Stock Based Compensation = Expense to Maintain Mercenaries

It is good to make our view on this topic clear to readers. Title is the TL;DR but if you want to know more why we think so … read on. Every young business in its early days needs mercenaries¬† who are specialized to operate in that context. If you and band of co-founders did a good job on validating the product market fit then as your business grows, then you should have lesser need of those hired guns matter how talented or experienced they are. Sure you need some of them but majority of your team ought to be just executing on the vision (or mission) of the company.

So, if a business is a publicly listed corporation with billions of dollars in revenue and they still depend on mercenaries then it qualifies as a special situation. It is only worthy of inclusion as a special situation in Rad Universe if it produces more free cash flow or at the very least more EBITDA than expenditure for Stock Based Compensation on Quarter over Quarter basis for latest quarter. If it doesn’t, it is uncertain whether the company ever wants to be great profitable franchise at any point in future. We haven’t yet filtered out many such stocks from Rad Universe. Over next couple of weeks you will see most of these removed and if fortunate replaced by stocks that at least show an aspiration to be a great business in future.

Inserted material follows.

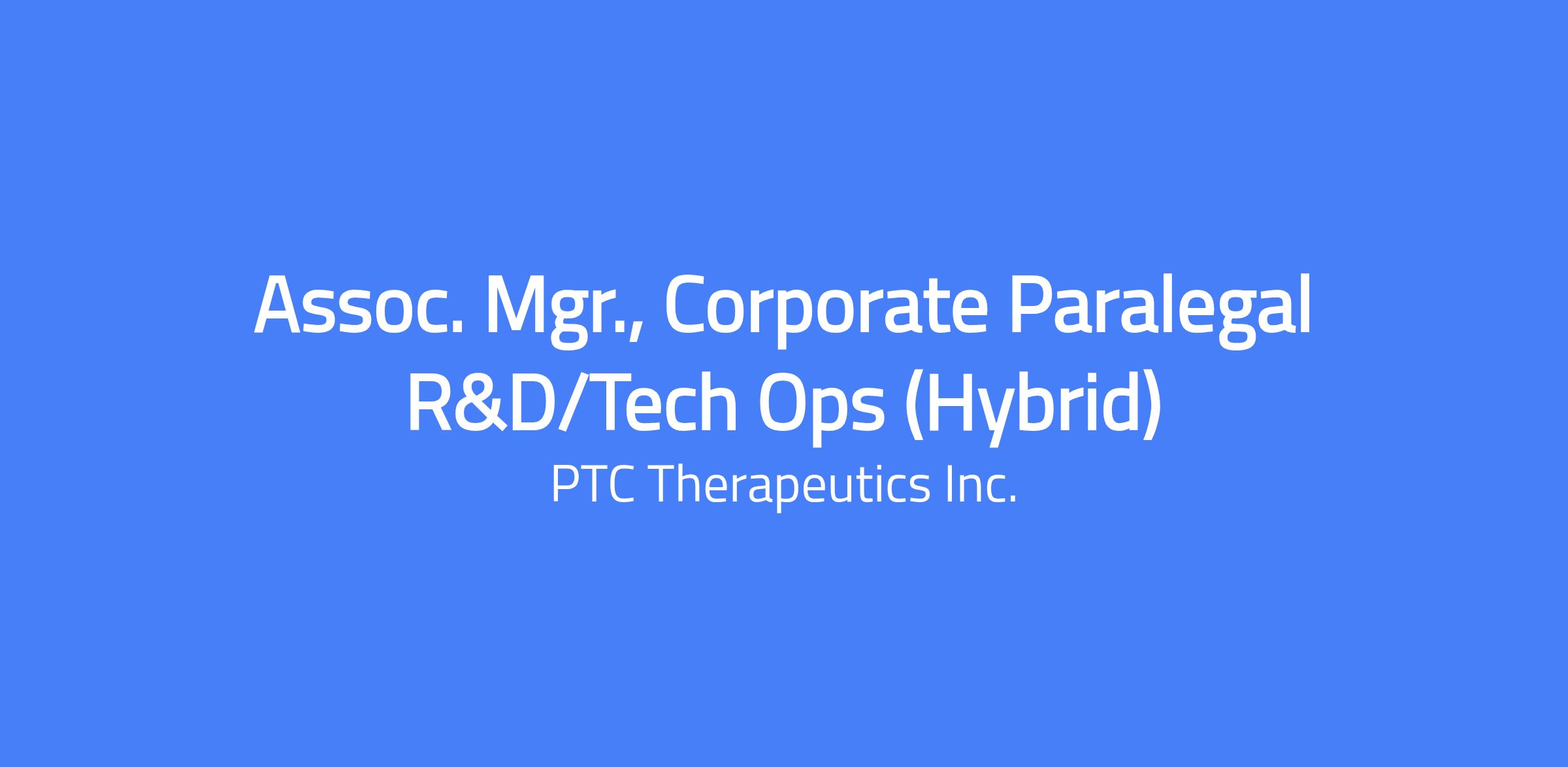 PTC Therapeutics is a global commercial biopharmaceutical company. For over 25 years our team has been deeply committed to a unified purpose: Extending lifeâs moments for children and adults living with a rare disease. At PTC, we cultivate an inclusive culture where everyone feels valued, respected, and empowered. We welcome candidates from all backgrounds to join our team, fostering a strong sense of belonging. Visit our website to learn more about our company and culture! Site: www.ptcbio.com Job Description Summary: The Paralegal, R&D/Tech Ops will support the Legal Department by reviewing, drafting, and negotiating various research-related agreements, including but not limited to Clinical Trial Agreements (CTAs), Master Service Agreements (MSAs), Confidentiality Agreements (NDAs), and Material Transfer Agreements (MTAs). This role will also provide legal and administrative support for the Legal Teamâs contracting activities, including managing contract templates, generating reports and maintaining efficient processes and policies to ensure smooth and effective operations. This position requires: the ability to work effectively with various functions and teams within the company and exceptional judgment, organizational, and analytical skills. This role requires a candidate who has a demonstrated ability to multitask, is detail-oriented, is able to prioritize and reprioritize as needed to meet deadlines and is a team-focused collaborator. Job Description: Responsibilities: Contract Review & Drafting: Draft, review, and negotiate routine R&D, clinical trial, Tech Ops (including formulation, packaging, manufacturing, and related supply chain/vendor) and commercial agreements under the supervision of attorneys. Deviation Identification: Identify, flag, and propose revisions for non-standard terms, risks, or deviations from company templates. Contract Lifecycle Management (CLM): Manage the end-to-end contract process, including intake, legal review, routing for internal approvals, signature, and final execution. Legal Collaboration: Collaborate with R&D and Tech Ops business stakeholders, procurement, and finance to facilitate timely contract execution. Compliance & Risk Management: Ensure compliance with FDA and EMA regulations and data privacy laws (e.g., GDPR/HIPAA) relevant to research activities. System Maintenance: Maintain accurate records, data, and metadata within the Contract Lifecycle Management (CLM) system and shared drives. Database Reporting: Generate regular reports on contract status, renewals, and expiration dates. Perform other tasks and assignments as needed and specified by management. Qualifications: Bachelorâs degree and/or paralegal certificate required. Minimum 5 years of experience as a paralegal in a corporate legal department or law firm, with a focus on contracts. Strong contract drafting and redlining skills. Demonstrated ability to manage highly sensitive information. Proven ability to work as part of a team and independently/with limited direct supervision in a fast-paced, matrixed, team environment. Excellent planning, organization and time-management including the ability to adapt to changing priorities and deadlines. Demonstrated commitment to quality and attention to detail. Excellent written and oral communication skills. Proficiency with Microsoft Office (Word, Excel, Outlook). Experience with CLM systems. Analytical thinker with excellent problem-solving skills and the ability to adapt to changing priorities and deadlines. PTC Legal Mission Statement The PTC Legal Team strives to be a valued business partner accelerating innovation and access to our medicines for patients in need, while balancing opportunity and risk in the conduct of our work. In every matter we handle, we strive to: Provide business-focused advice, solutions and support; Demonstrate a thorough understanding of the business; Anticipate challenges and remove obstacles; Communicate promptly, clearly and effectively; Navigate the legal landscape, identifying risks and formulating alternatives where possible; and Exemplify the PTC Expectations. Special knowledge or skills and/or licenses or certificates preferred. Direct experience with R&D, clinical trials, or intellectual property agreements is highly preferred. Paralegal certificate is a plus. Travel requirements: May require up to 5% of domestic travel Hybrid position with at least two days on site per week. Expected Base Salary Range: $99,900 â $115,000. The base salary offered will be contingent on assessment of candidate education level, background, and experience relative to the requirements of the position they are being considered for, as well as review of internal equity. In addition to base salary, PTC employees are also eligible for short- and long-term incentives. All eligible employees may also enroll in PTCâs medical, dental, vision, and retirement savings plans. EEO Statement: PTC Therapeutics is an equal opportunity employer. We welcome applications from all individuals, regardless of race, color, national origin, gender, age, physical characteristics, social origin, disability, religion, family status, pregnancy, sexual orientation, gender identity, gender expression, disability, veteran status or any unlawful criterion under applicable law. We are committed to treating all applicants fairly and avoiding discrimination. Click here to return to the careers page About Us PTC Therapeutics is a global biopharmaceutical company dedicated to the discovery, development and commercialization of clinically differentiated medicines for children and adults living with rare disorders. PTC is advancing a robust and diversified pipeline of transformative medicines as part of its mission to provide access to best-in-class treatments for patients with unmet medical needs. Our strategy is to leverage our scientific expertise and global commercial infrastructure to optimize value for patients and other stakeholders. To learn more a

Here are some of the first stocks we have removed from Rad Universe due to our new qualification for companies with high expenditure on stock based compensation (as always – until situations change):

  • Everbridge – EVBG
  • Five9 – FIVN
  • The Trade Desk – TTD
  • Zoom Video Communications – ZM
  • Survey Monkey – SVMK

This is just the first set, there will be more. Hopefully, these companies qualify as special situation soon because some of them sure seem like great potential profitable franchises as user of their product (especially Zoom).